Viral Emak-emak Nekat Terjang Ombak, Cuek Saat Diingatkan

Emak-emak tersebut nyaris terseret ombak besar.

Diterbitkan 11 Agustus 2026, 18:47 WIB
Share
Copy Link
Batalkan

Liputan6.com, Jakarta - Video emak-emak nyaris terseret ombak besar saat beraktivitas di Pantai Kunyit, Jalan Ikan Terbang, Kelurahan Sukaraja, Kecamatan Bumi Waras, Bandar Lampung, viral di media sosial.

Momen menegangkan itu terjadi pada Minggu (9/8/2026). Dalam video berdurasi sekitar 2 menit 28 detik, sejumlah pengunjung terlihat kesulitan naik dari laut ketika ombak cukup besar menerjang area pantai yang didominasi bebatuan.

Salah seorang perempuan berhijab yang mengenakan pelampung berwarna oranye tampak berusaha menaiki tangga dari arah laut. Namun, kuatnya hantaman ombak membuatnya kesulitan mencapai tempat yang aman.

Warga dan pengunjung yang berada di sekitar lokasi langsung memperingatkan perempuan tersebut.

"Hati-hati, Bu! Gede ombaknya itu, Bu. Hati-hati," teriak seseorang yang merekam video.

Suasana semakin panik ketika seorang perempuan lain yang mengenakan hijab hitam dan pakaian berwarna cokelat berada terlalu dekat dengan bibir pantai. Tubuhnya sempat terdorong ombak ke arah bebatuan.

"Ya Allah, Bu, sudah Bu, naik saja, Bu!" teriak warga.

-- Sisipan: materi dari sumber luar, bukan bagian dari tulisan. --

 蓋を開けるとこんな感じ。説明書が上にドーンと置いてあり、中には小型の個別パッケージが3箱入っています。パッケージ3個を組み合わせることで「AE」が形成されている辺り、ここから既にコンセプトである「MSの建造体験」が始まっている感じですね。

Dalam rekaman tersebut, warga juga terdengar mengingatkan bahwa kondisi di lokasi cukup berbahaya karena pengunjung bukan hanya berisiko terseret arus, tetapi juga terbentur batu ketika terdorong gelombang.

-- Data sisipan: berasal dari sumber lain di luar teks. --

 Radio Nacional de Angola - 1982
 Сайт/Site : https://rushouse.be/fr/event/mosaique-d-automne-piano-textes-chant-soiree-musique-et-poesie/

"Kalau hanyut sih enggak, Guys. Terdorong ombak ke pinggir, cuma pas pinggirnya nabrak batu," ujar perekam video.

Beberapa pria kemudian turun tangan membantu. Mereka bahu-membahu menarik dan mengarahkan pengunjung yang kesulitan naik ke tempat yang lebih aman.

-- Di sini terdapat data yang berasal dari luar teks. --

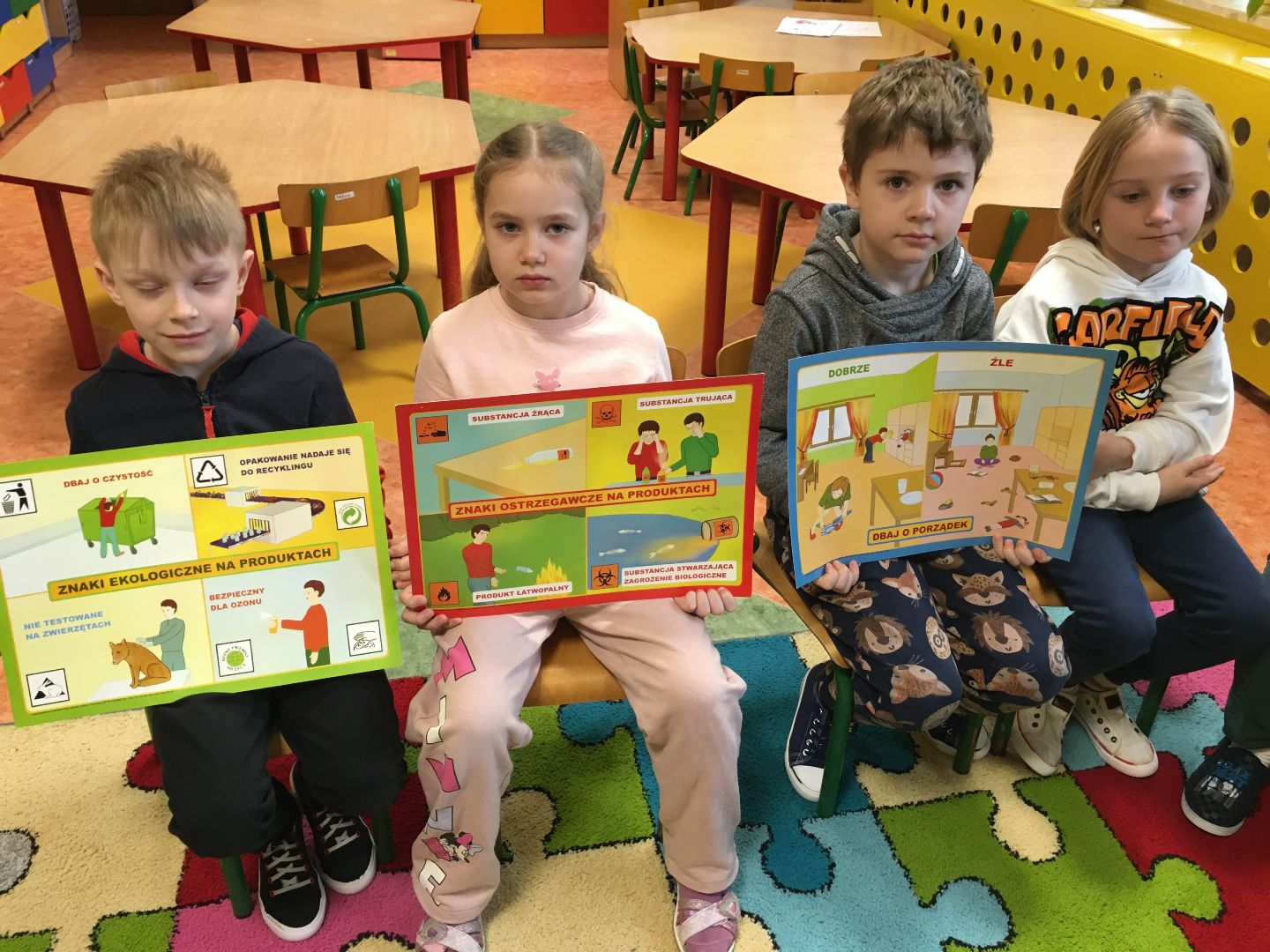 Na zajęciach rozmawialiśmy o tym, w jaki sposób należy dbać o planetę. Poznaliśmy znaczenie słów ekologia i ekologiczny. Utrwaliliśmy informacje o sposobach segregowania śmieci w domu oraz w sortowni. Dzieci zrozumiały że jeśli nie dbamy o naszą planetę, jej czas się kurczy. Aby była w dobrej kondycji, a dzięki niej również wszyscy ludzie na świecie, musimy pamiętać o ekologicznych nawykach

Teriakan "Allahu Akbar" beberapa kali terdengar ketika ombak kembali menghantam area tersebut.

"Allahu Akbar! Nah, kan kena. Geser ombak!" teriak warga.

Beruntung, para pengunjung yang berada di area tersebut akhirnya berhasil naik ke tempat aman. Meski demikian, pakaian mereka terlihat basah kuyup akibat terjangan ombak.

 

 

Warga Biasa Terapi Air Laut

Kapolsek Bumi Waras AKP Hasbi Eko Purnomo mengatakan, berdasarkan informasi awal, warga memang kerap melakukan aktivitas berendam atau terapi menggunakan air laut di kawasan Pantai Kunyit.

Aktivitas tersebut biasanya dilakukan pada pagi hari, terutama saat akhir pekan. Namun, warga juga disebut melakukan terapi di kawasan itu hampir setiap hari.

"Biasanya memang setiap Sabtu atau Minggu pagi mereka terapi di pantai itu. Tidak cuma Sabtu-Minggu, hampir tiap hari ada yang berendam," kata Hasbi kepada Liputan6.com, Selasa (11/8/2026).

Menurut dia, kondisi ombak saat kejadian cukup besar sehingga aktivitas tersebut berpotensi membahayakan pengunjung, terlebih bagi warga lanjut usia.

"Walaupun pakai pelampung, namanya sudah tua takut kena batu atau bagaimana. Kondisi ombaknya kemarin besar," jelasnya.

Polsek Bumi Waras akan meningkatkan imbauan kepada masyarakat dan pengunjung agar tidak melakukan aktivitas di laut ketika kondisi cuaca maupun gelombang sedang buruk.

Petugas Bhabinkamtibmas juga akan diarahkan untuk mengecek kondisi di sekitar Pantai Kunyit sekaligus memberikan edukasi kepada warga dan pengunjung.

"Kami mengimbau agar kalau mau berendam atau terapi melihat kondisi cuaca. Kalau kondisi buruk, jangan melakukan aktivitas berenang atau masuk ke laut," jelas dia.

Polisi juga mengingatkan warga yang tetap melakukan terapi air laut untuk tidak melakukannya seorang diri. Pendamping diperlukan untuk mengantisipasi kondisi darurat.

Selain itu, petugas akan berkoordinasi dengan pemilik warung di sekitar pantai agar turut mengingatkan pengunjung mengenai potensi bahaya ketika ombak sedang tinggi.

"Apabila cuaca buruk, jangan melakukan aktivitas berenang. Kemudian apabila melakukan terapi harus ada pendamping, jangan sendirian," tandasnya.